First, your RV is a big lump of metal, plastic and wood. it does not freeze in a few hours. So, overnight lows as low as the low 20's just don't have enough time to make the underside and surfaces around the RV get chilled down to freezing.

Especially if you are living in the RV at the time. Running a heater at night, running water and all the systems during the evening as the day begins to cool down. Pretty soon the Sun comes up and things immediately start to warm up outside and this puts a halt to any freezing in your RV, too.

Now, for those that live where winter is more a less an extended period of below or near freezing that goes on for days, weeks and months this is different. Even if you are living in the RV (hope not) there's plenty of time for things to get very cold and yes, freeze.
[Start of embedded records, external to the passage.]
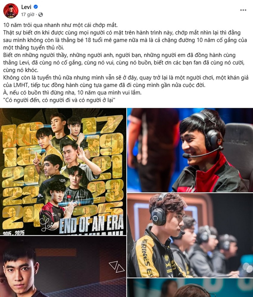 “Cảm ơn thầy cô, gia đình, đồng đội, bạn bè và đặc biệt là các bạn – những người đã đồng hành cùng mình suốt chặng đường dài. Dù không còn là tuyển thủ nữa nhưng mình vẫn sẽ ở đây, vẫn chơi LMHT, vẫn là khán giả của các bạn”, Levi nghẹn ngào.
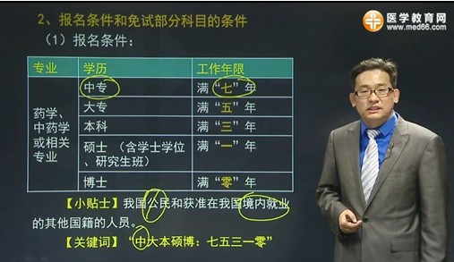 這段口訣的意思是:對(duì)中專學(xué)歷的人員要求從事藥學(xué)或中藥學(xué)專業(yè)工作滿七年;對(duì)大專學(xué)歷的人員要求從事藥學(xué)或中藥學(xué)專業(yè)工作滿五年;對(duì)本科學(xué)歷的人員要求從事藥學(xué)或中藥學(xué)專業(yè)工作滿三年;對(duì)第二學(xué)士學(xué)歷、研究生班畢業(yè)或取得碩士學(xué)位的人員要求從事藥學(xué)或中藥學(xué)專業(yè)工作滿一年;取得博士學(xué)歷的人員可直接申請(qǐng)參加考試。
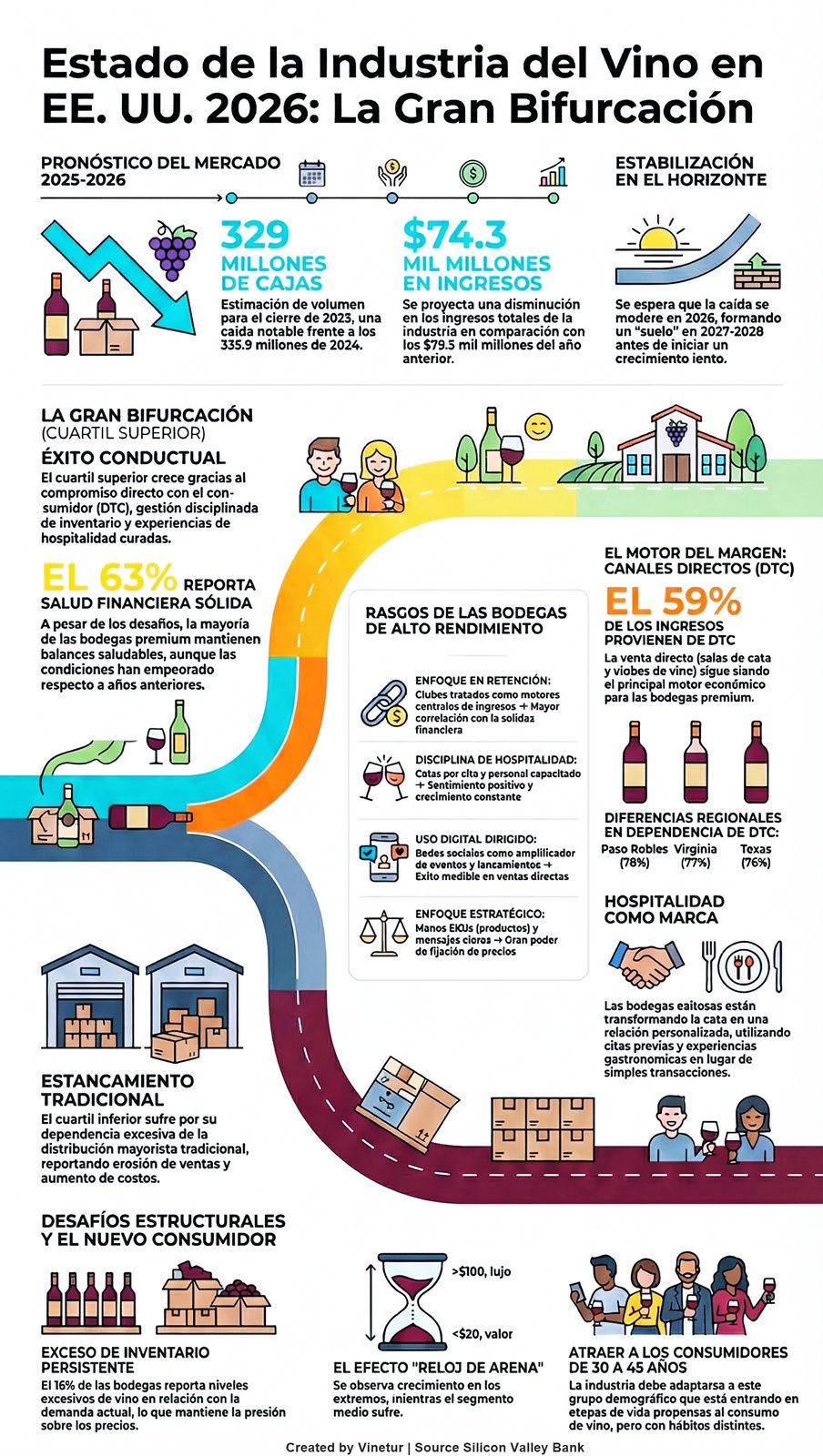 Silicon Valley Bank, una división de First Citizens Bank, ha publicado este jueves, 15 de enero, su 25º informe anual sobre el estado de la industria del vino en Estados Unidos. El documento, considerado una referencia para el análisis del sector de vinos premium, ofrece datos sobre ventas, tendencias de consumo y estrategias empresariales para el año en curso y los próximos ejercicios.
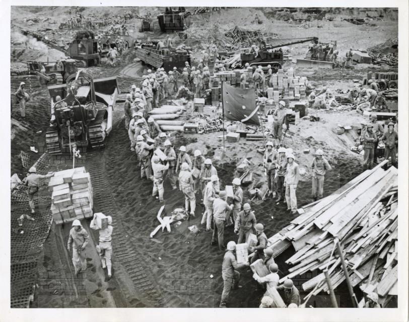 Marinai americani caricano e trasportano provviste durante la battaglia di Iwo Jima.

Living in South Texas I've seen 100 degrees in February, but I've also seen last year's week long deep freeze with snow, power outages and ice. But we don't winterize... ever. And, we get by just fine, even with the RV in outdoor storage and not being heated or used.

Two years ago I went to Durango, CO in May. I parked my RV in the National Forest at 8,300 ft elevation. It froze every night, but was high 30's to low 40's every day. We even woke up to 3" of snow one morning. There were no pipes freezing and no winterizing needed. Of course, we ran the heater every night in the coach. Usually set at around 63 degrees. We don't want the dog to freeze.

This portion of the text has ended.